As a best practice, we suggest selecting a specific user account, and not relying on the automatic selection. We also suggest creating a separate user account with a descriptive name like "Wiki Archiver" for this, as that eliminates confusion. When other users see it in notification emails and activity streams, they will better understand what was going on.

Archiving policy

It is a very good practice to require the exact reason to be specified when someone wants a page to be archived. The app can enforce this if you check the Archiving reason required option when configuring.

If this option is activated, then the app will check if the archiving reason is defined for each page marked for archiving (using the labels). How to define the reason? Users must add a comment to the page, with the comment text containing the "#archive" hashtag. For example, this is a valid comment to describe the archiving reason: "This product was removed from the market last year. #archive".

If no such comment has been added, then the page will be skipped (will not be archived), and it will be reported to the user who originally added the label, so that he can fix the situation. If the comment is there, then the archiving will be executed normally, and the reason text will be reported in the notification emails, so that all stakeholders can clearly see it.

Important: age-based archiving does not use this option.

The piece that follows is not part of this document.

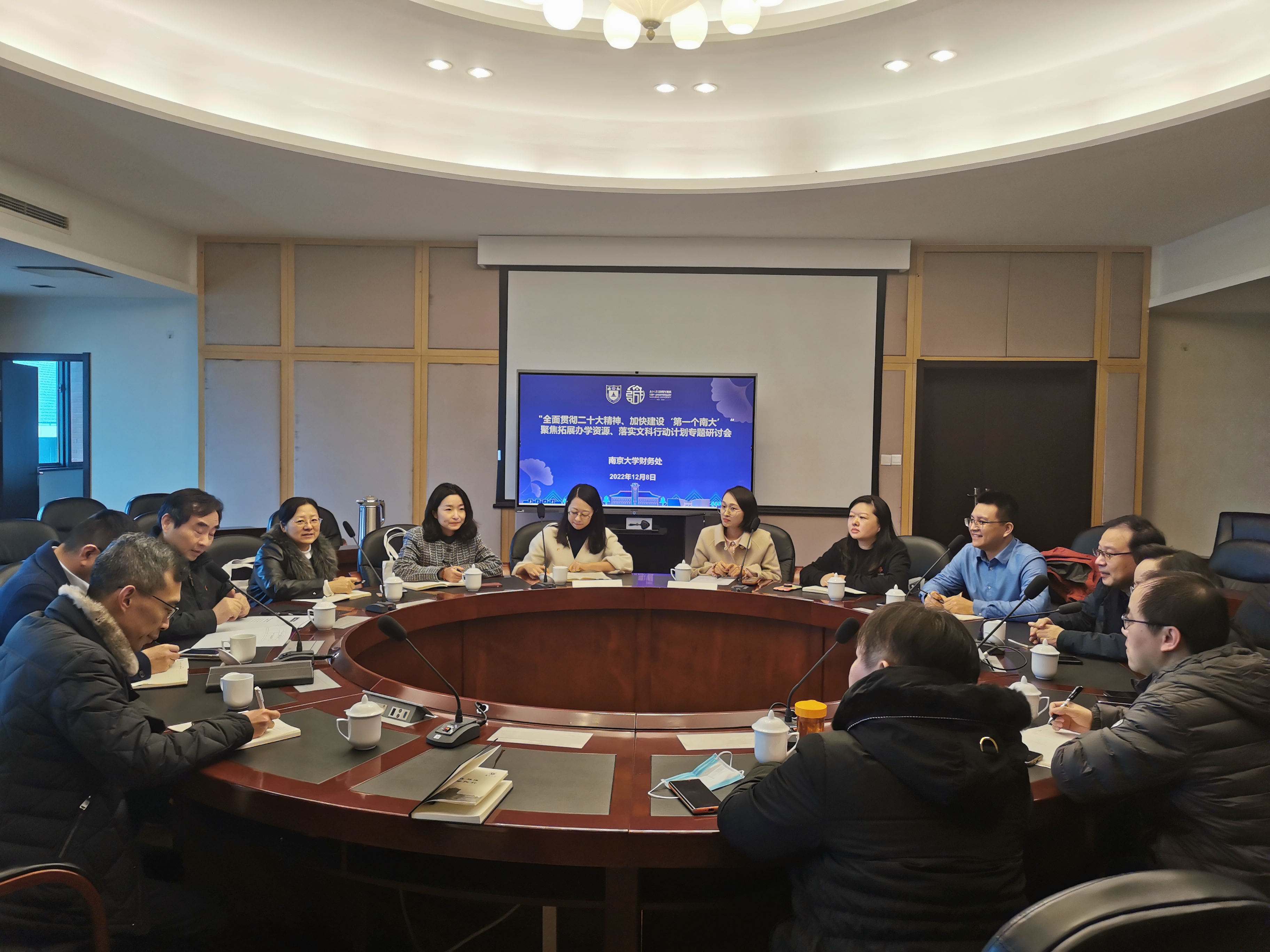 12月8日,天宫直播 与财务处共同开展“全面贯彻二十大精神 加快建设‘第一个南大’”专题研讨会。校财务处处长黄力、天宫直播 党委书记徐愫、院长成伯清、财务处相关工作人员及天宫直播 部分教职工代表参加座谈会。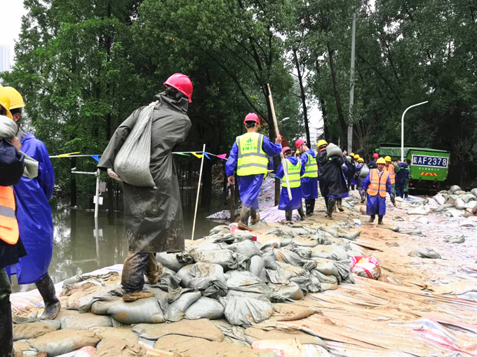 項目黨支部書記田龍全程指揮防汛抗洪工作,大家分工明確,積極主動投身到防汛抗洪的工作中,一鍬一鍬挖,一袋一袋堆,扎出成百上千個沙包,堵在南淝河堤壩地勢低洼處,形成一道堅實的防線,幫助當地社區排除險情。

If a page is to be archived due to its age exceeding the "archiving period", then no reason is required.

Using labels to control page archiving

Use the following labels:

archive Add to each page that you want to archive, together with the tree of its descendant pages.
archive-single Add to each page that you want to archive, but leaving its descendants untouched.
(This is the non-recursive version of archive.)
archive-yy/mm/dd Add to each page that you want to archive on a specific date, together with the tree of its descendant pages.
"yy" denotes the year, "mm" the month and "dd" denotes the day part of the date.
Example: archive-16/2/25 archives this page on 25 Feb 2016.
(since 4.5.0)
archive-single-yy/mm/dd Add to each page that you want to archive on a specific date, but leaving its descendants untouched.
(This is the non-recursive version of archive-yy/mm/dd.)
(since 4.5.0)
archive-review Add to each page that you want to mark for review.
These will be listed in a separate category called To review, after they expire. You find this category under Space ToolsArchivingContent Quality, then click on the expired pages count.
(Not recursive.)
archive-update Add to each page that you want to mark for update.
These will be listed in a separate category called To update, after they expire. You find this category under Space ToolsArchivingContent Quality, then click on the expired pages count.
(Not recursive.)
noarchive This label excludes a page, and all its descendants, from archiving.
Note that this label excludes them from every mechanism: from page view tracking, from page expiration tracking and from page archiving!
noarchive-single This label excludes a single page, but not its descendants, from archiving.
(This is the non-recursive version of noarchive.)

Notification emails

After the archiving was completed, the notification emails show you the archived pages with the reason why they were archived (expired, marked for archiving, etc.). The links point to the archived version of the pages, which can be used to view or restore content if needed later.

To reduce the email traffic, a single email will be sent per user. It contains the full page list combined from all spaces where the user was selected to be notified.

About skipped pages

In spaces with archiving policy activated, the users, who marked the pages with the "archive" or "archive-single" labels, are warned when they forgot to specify the reason for archiving.

The emails provide quick links to add the missing page comments where the reason can be described.